Section: Arts

Family Day wows Gallery

Family Day wows Gallery

Last Saturday, Gund Gallery was bustling with people, from newborns to octogenarians, eager to experience art and wildlife at Family Day. The Gallery collaborated with the Brown Family Environmental Center to host a day of arts and crafts, gallery tours and a live animal program featuring flying squirrels and other common-to-Ohio species. 

This semester’s Family Day drew inspiration from the Gallery’s current exhibition, “Color: Theories and Structures.” In the lobby, kids and parents alike flocked to craft tables to make prints and get their hands messy with color. Upstairs, families wandered through the Gallery and attended an interactive demonstration on color theory.

“[Family Day] is for children to interact with art, getting them to see it as they think it is, and we’re here to help them make connections between what they see and what they think,” said Jenna Wendler ’17, a Gund Gallery Associate.

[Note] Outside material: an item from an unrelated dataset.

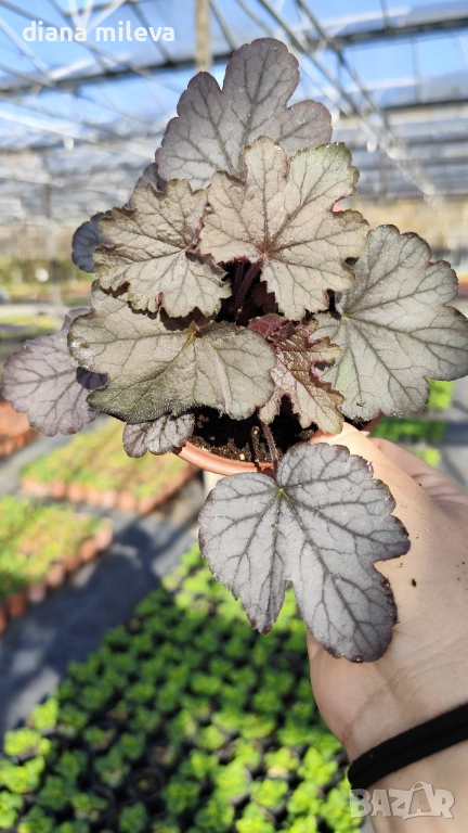 Хойхера „Сребърна боровинка“, Heuchera Silverberry, студоустойчива, за сянка → Обява 52516287

Downstairs in the Community Foundation Theater, families could learn about Ohio’s wildlife and how humans have affected it throughout history. Maron Van Schoyck of Ohio Nature Education, who introduced herself as “Mrs. Van,” gave a dynamic presentation combining the state’s political and natural history — Ohio’s early residents could pay their taxes in squirrel pelts as a part of the State’s efforts to reduce a rampant squirrel population — and tied her lesson in with the theme of the day by explaining how animals perceive color.

“When we go out and teach, we are hoping to plant seeds in your hearts to be better students of the earth,” Van Schoyck told her young audience. The highlight for much of the audience, young and old alike, was the animals that accompanied Mrs. Van in her teaching, including Marsi the opossum and Falco the kestrel.